Поручение пришлось Стецуре по душе.
— От тэпэр мэни понятно, що такэ терапевт, — улыбнулся он.
— Остерегайтесь доносчиков, — предупредил Кузенко.
— Я ню шваль зразу разпознаю, — ответил Стецура. — Воны хитри, а я ще хитрийший. Ну, а дэ сам нэ добачу, там добри люды пидскажуть...
Поздно вечером Чамокова вызвал к себе доктор Бор-ба.
— Мне не совсем нравятся ваши начинания, коллега, — недовольно заявил он. — В частности, то, что вы уделяете слишком много внимания тяжелораненым. Если вполне очевидно, что человек почти безнадежен, то, право, не стоит возиться с ним: пусть себе умирает. Чем скорее — тем лучше. Вы же и ваши коллеги пытаетесь создать им такие условия, в которых естественный процесс только замедлится. Учтите, мы не намерены содержать в нашем лазарете кого бы то ни было длительное время. Какой прок от калек, если даже вам удастся выходить их. На днях мы произведем очередную сортировку ваших пациентов и постараемся избавить вас от излишних хлопот. Речь идет о почти безнадежных и неполноценных: безруких, безногих, то есть о таких, которые представляют явный балласт для Германии и зря занимают места в гросслазарете. Поэтому рекомендую лечить только полноценных: легкораненых и легкоизлечимых больных. "Санитарные группы — это хорошо. Хорошо и то, что вы облегчаете нам сортировать больных. Но поменьше всяких дезинфекций и уборок. Люди должны находиться в таких условиях, которые заставляли бы их мечтать, да, да, мечтать, как можно скорее выбраться отсюда. Это облегчает работу вербовщиков.

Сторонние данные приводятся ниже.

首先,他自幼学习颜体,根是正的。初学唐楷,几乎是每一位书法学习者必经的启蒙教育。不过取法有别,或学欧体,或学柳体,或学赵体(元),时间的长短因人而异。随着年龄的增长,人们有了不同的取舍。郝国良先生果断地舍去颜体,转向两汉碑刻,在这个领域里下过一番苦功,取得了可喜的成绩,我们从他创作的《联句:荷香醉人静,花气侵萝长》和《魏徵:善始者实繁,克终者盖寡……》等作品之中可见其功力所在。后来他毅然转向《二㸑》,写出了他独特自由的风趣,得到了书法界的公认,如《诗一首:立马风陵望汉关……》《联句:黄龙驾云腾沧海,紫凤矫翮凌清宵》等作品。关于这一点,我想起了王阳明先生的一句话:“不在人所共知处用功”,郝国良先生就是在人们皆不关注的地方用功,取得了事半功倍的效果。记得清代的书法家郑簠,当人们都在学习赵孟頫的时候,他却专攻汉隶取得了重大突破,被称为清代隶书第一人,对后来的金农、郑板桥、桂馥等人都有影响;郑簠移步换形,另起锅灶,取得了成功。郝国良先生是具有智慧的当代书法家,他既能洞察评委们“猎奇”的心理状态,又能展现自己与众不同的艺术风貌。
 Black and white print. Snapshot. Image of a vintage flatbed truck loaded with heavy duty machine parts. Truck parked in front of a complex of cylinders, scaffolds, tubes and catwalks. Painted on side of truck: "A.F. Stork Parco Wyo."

С затаенной ненавистью смотрел Чамоков на холеного, внешне благообразного «коллегу». Нутро зверя под личиной врача! Чамоков слушал его и думал о том, как спасти тех, кого Борба относил к разряду неполноценных и безнадежных.

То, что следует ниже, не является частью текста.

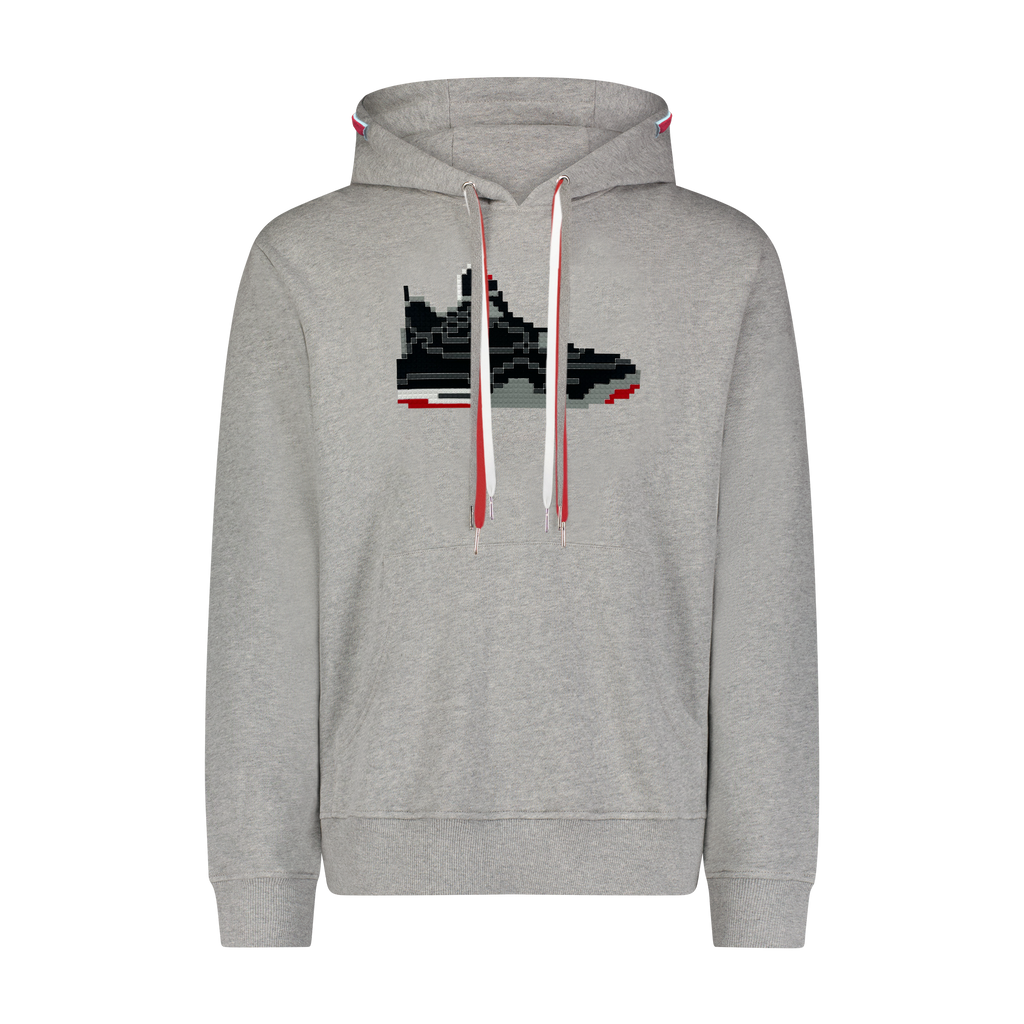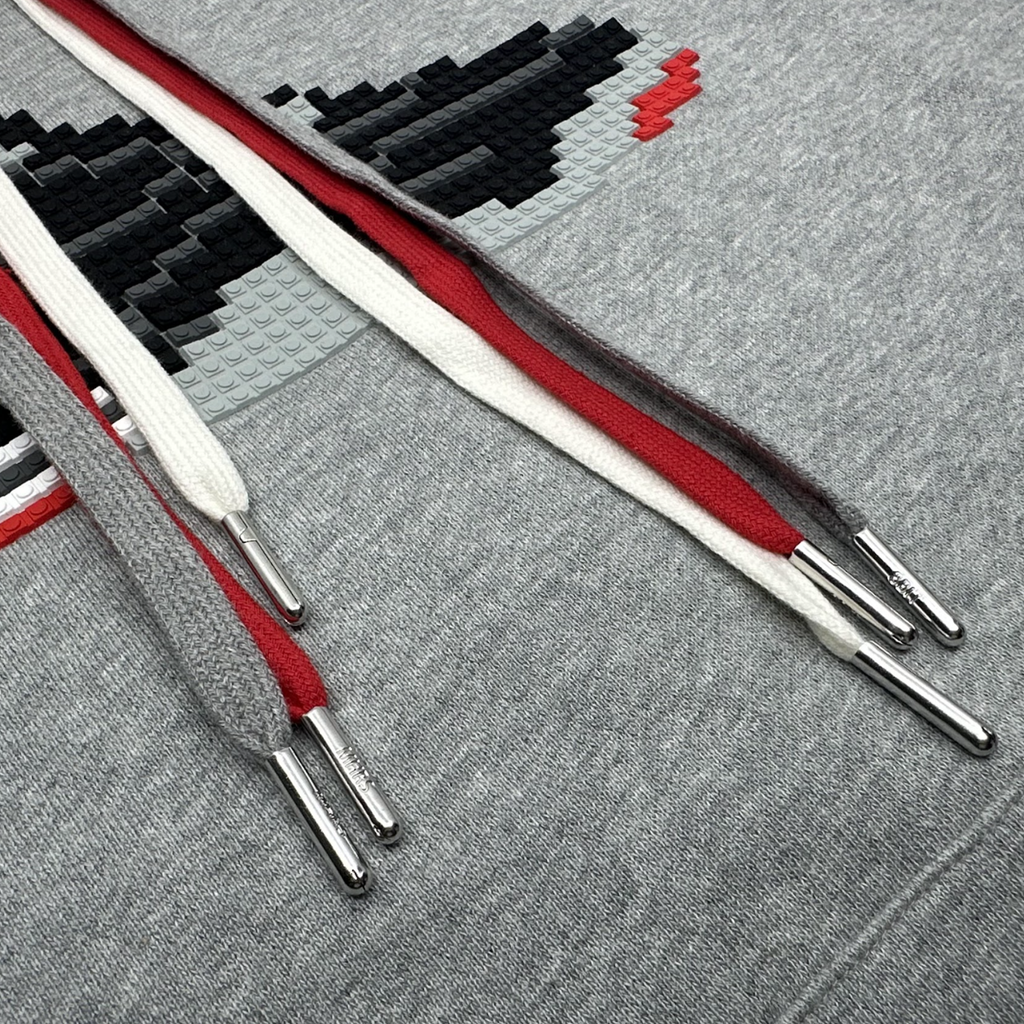 Cotton hoodie with an 8-bit applique and multiple drawcords exposed through hood tunnel

— Надеюсь, вы меня поняли, коллега? — спросил немец.
— Вполне, — ответил Чамоков.
— Меня это радует, — благосклонно отметил Борба. — Итак, поменьше энтузиазма и врачебного пыла.
— А если вспыхнет эпидемия? — спросил Чамоков.— Тиф или нечто подобное. Где нет чистоты, там нет гарантий от подобных вспышек. Как врач, вы должны понимать это.

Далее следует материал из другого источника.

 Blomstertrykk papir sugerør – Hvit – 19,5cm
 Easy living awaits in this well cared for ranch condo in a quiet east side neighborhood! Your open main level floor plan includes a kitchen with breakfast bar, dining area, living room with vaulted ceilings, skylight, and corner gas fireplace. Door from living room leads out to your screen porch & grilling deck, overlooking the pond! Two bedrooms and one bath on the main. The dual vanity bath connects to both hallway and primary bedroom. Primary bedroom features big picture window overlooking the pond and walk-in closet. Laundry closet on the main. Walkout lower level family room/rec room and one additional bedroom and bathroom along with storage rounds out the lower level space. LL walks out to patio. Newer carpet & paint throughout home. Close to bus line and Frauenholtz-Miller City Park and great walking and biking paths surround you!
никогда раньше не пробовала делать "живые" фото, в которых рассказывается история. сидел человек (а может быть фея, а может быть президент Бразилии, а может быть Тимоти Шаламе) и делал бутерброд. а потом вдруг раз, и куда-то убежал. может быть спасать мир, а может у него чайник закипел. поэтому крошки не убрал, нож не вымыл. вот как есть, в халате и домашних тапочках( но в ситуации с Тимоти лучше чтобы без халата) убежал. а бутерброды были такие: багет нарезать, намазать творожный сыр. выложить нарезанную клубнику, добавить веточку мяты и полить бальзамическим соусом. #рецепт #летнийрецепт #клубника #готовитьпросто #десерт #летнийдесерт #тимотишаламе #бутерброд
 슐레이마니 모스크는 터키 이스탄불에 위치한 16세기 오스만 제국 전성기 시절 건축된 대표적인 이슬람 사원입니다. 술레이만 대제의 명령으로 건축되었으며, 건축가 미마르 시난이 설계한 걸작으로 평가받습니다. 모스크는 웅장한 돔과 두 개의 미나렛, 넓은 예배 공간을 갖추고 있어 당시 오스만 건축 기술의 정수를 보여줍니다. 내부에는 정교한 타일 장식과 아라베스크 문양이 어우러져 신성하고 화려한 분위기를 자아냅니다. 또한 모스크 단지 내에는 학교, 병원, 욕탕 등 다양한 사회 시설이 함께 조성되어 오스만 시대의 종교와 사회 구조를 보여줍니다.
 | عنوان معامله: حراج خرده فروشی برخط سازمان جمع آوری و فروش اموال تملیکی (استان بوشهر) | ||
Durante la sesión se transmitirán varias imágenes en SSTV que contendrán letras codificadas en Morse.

Борба задумался. Чамоков понял, что его слова напугали немца. Возможность эпидемии была налицо. Случись она, и тогда ему, Борбе, придется отвечать.
— Это тоже верно, — согласился он после долгого молчания. — Что ж, продолжайте ваши начинания. Что угодно, только не эпидемия...
Вернувшись в палатку, Чамоков передал друзьям содержание разговора со старшим врачом гросслаза-рета.
— Что же делать? — забеспокоились они.
— Придется разместить их по-прежнему, — решил Чамоков. — Они будут находиться со всеми, вперемежку с легкоранеными и выздоравливающими. И никаких отдельных палат.